Embargo? I say No Go.

Tuesday, 1 December 2009

# 113 Nice & Easy

The trials and tribulations have stacked up this month.

Here's the good stuff:

Phyto Phytomist Instant Hydrating Conditioner For Colour Treated Or Permed Hair

Lovely scent, non-sticky feel, leaves hair glossy & soft - great for taming winter frizzies and stealing away static. I have neither colour-treated no permed hair (just naturally curly locks that go 'pouf' in the night), and this has made a big difference to the calmness of said curlies. When MOP discontinued their C-System style and hydrate spray, I was bereft. Now, thanks to this, I feel a bit better.

Sisley Eye Contour Mask

I was sent this by the obliging PR some months ago now, and given how my eye-bags always seem overladen come Christmas, I thought I'd give it a whirl. I use it around my eye contour while using other masks on the rest of my face, so it's a nice staple for that reason alone. It's a thick gel texture which glides on and stays where you put it, and does a good job of hydrating and smoothing out dehydration lines. It also seems to lift shadows slightly - not very noticeably I hasten to add - but just makes the area look a wee bit more 'rested.' As far as eye masks go, it's a keeper - but I'll confess that I probably wouldn't pay £61 for a top-up when this one runs out. Not because it isn't a good product, but simply because I'm inherently cynical of just how much difference an eye mask can make... and how short-lived even the best results can be.

And here's the stuff that's been chucked back into the 'unconvinced' box:

Ole Henriksen African Red Tea Perfecting Mask

I really wanted to like this one because had it been brilliant it would've solved all of my skin woes in a single swoop. It professes to hydrate, brighten, lift and tone facial contours, purify and smooth.

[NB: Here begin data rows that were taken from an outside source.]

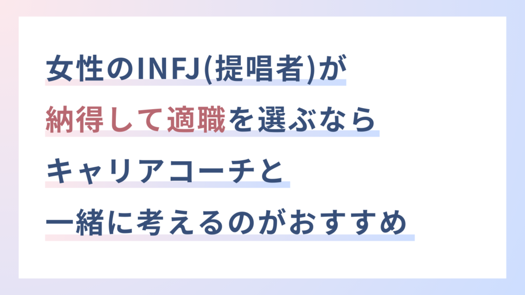 まとめ:女性のINFJ(提唱者)が納得して適職を選ぶなら、キャリアコーチと一緒に考えるのがおすすめ
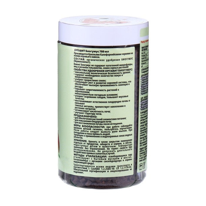 Удобрение гранулированное органическое Оргавит Биогумус, 780 мл
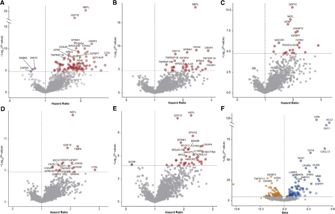 研究人员检测了2,920种血浆蛋白质的水平,并采用Cox比例风险模型分析每种蛋白质与癫痫发病风险的关系。经过多重检验校正后,共发现103种蛋白质与癫痫发病风险显著相关。这些蛋白质中,NEFL(神经丝轻链蛋白)的风险比为2.13,GDF15(生长分化因子15)的风险比为1.82,意味着这些蛋白质水平高的个体发生癫痫的风险增加一倍以上。
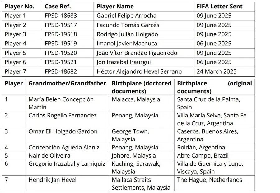 FIFA mendedahkan latar belakang kesemua tujuh pemain warisan negara.
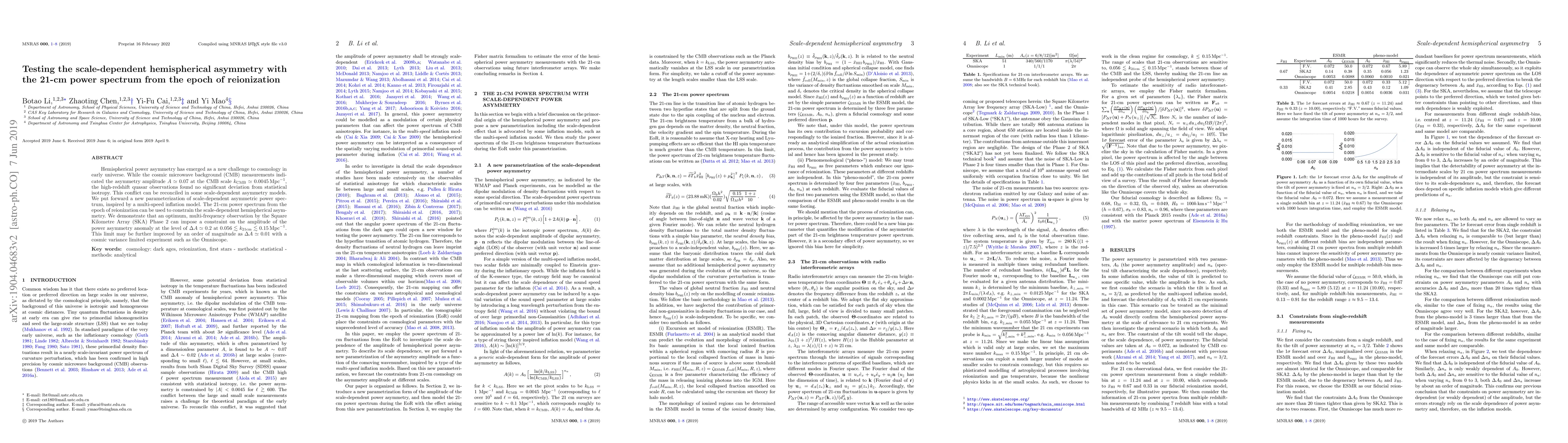 This paper proposes a new parameterization for scale-dependent hemispherical asymmetry in the early universe, suggesting that the 21-cm power spectrum from the epoch of reionization can help resolve discrepancies between CMB and quasar observations. It demonstrates that the SKA Phase 2 can constrain the asymmetry amplitude to $\Delta A \simeq 0.2$, with potential improvements to $\Delta A \simeq 0.01$ using a cosmic variance limited experiment like the Omniscope.

A big ask - and unfortunately a product that left me cold (literally - it cools down on contact with skin, which left me uncomfortable - and the winter wind seemed doubly ferocious once I finally made it out of the house). I didn't see any dramatic brightening effect, nor did I notice improved tone. I've used Ole's products in the past and there are a couple I like - but I have to say, I've never liked the African Red Tea body line either (the heating cream & mask made my skin a bit rashy)... red tea's just not my bag.

Nivea SOS Lip Care SPF 15

According to Mister M, this one tastes like coal tar (erm, any idea what coal tar tastes like?)... and it's overly scented too. If it worked, this would be a small price to pay... but, it doesn't - after a sub-zero Northern weekend my lips were flakier than a coconut snowball. It's also sticky, and wind-swept hair + gluey lips is not a good look. Nope, just don't like this one at all!